Medicare Levy Surcharge Alert: Over 1,300 Australians Face ATO Tax Bill of $1,318 — ‘Unaware of the Implications’

by admin

Australians are being urged to review their health insurance policies to avoid the potential financial impact of the Medicare Levy Surcharge (MLS), a tax imposed by the Australian Taxation Office (ATO) aimed at encouraging higher-income individuals to obtain private hospital coverage. Recent ATO statistics indicate that 768,537 Australians faced this surcharge in the 2022-23 financial year, an increase of nearly 25% from the previous year, with an average surcharge amounting to $1,318.

From 1 July, the income thresholds for the surcharge will rise slightly, with the individual threshold set at $101,000 (up from $97,000) and the family threshold at $202,000 (increased from $194,000). The MLS is charged in addition to the standard Medicare levy of 2% and varies between 1% to 1.5% based on income levels.
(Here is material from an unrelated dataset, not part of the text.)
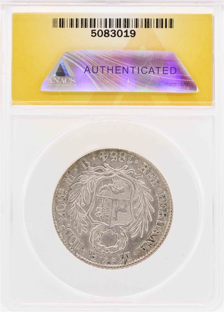 One 1854-L Peru Assayer MB 4 Real Coin ANACS AU50. ANACS Certified.

Sophie Ryan, a spokesperson for iSelect, highlighted that many policyholders tend to overlook their health insurance when tax time arrives. She stressed the importance of including health insurance in end-of-financial-year checklists, especially as more than half of surveyed policyholders were unaware of reductions in the private health insurance rebate for the current year. Alarmingly, about 20% of Australians do not even know if they are liable for the MLS.

The private health insurance rebate, which assists individuals with their premiums, is income-tested and applies to singles earning up to $158,000 and families earning up to $316,000 for the 2025-26 financial year. The rebate can range from 8% to 32%, depending on the individual’s income and age.

Tax Experts Warn About the Surcharge
If individuals have already incurred the MLS for this financial year, it is too late to take out a health insurance policy to eliminate the charge for the current period. Belinda Raso, director of Tax Invest Accounting, noted that taxpayers are accountable for the surcharge for every day without private health insurance, making it difficult to avoid if they earn above the threshold. She also pointed out that many may unknowingly exceed the threshold due to reportable fringe benefits, which can inflate taxable income.

Potential Policyholders Urged to Act
Raso advised that anyone wishing to avoid the surcharge for the next financial year must secure private health insurance before 1 July. For those already covered, reviewing policies is equally important to ensure they are not paying a ‘loyalty tax.’ ISelect’s research found that 76% of policyholders have either never switched their health insurance provider or haven’t done so in over two years. This lack of action could mean they are missing out on significant savings; 65% of those who have switched discovered they saved at least $100 annually, while others reported savings of up to $500 or more.

Ryan encouraged Australians to assess their current health insurance coverage in terms of benefits and excesses, suggesting that a simple comparison could lead to considerable savings and enhance peace of mind.

In summary, as the end of the financial year approaches, Australians are reminded to assess their health insurance to avoid unnecessary tax burdens, ensure they are maximising government rebates, and potentially save on premiums by finding better-suited coverage options.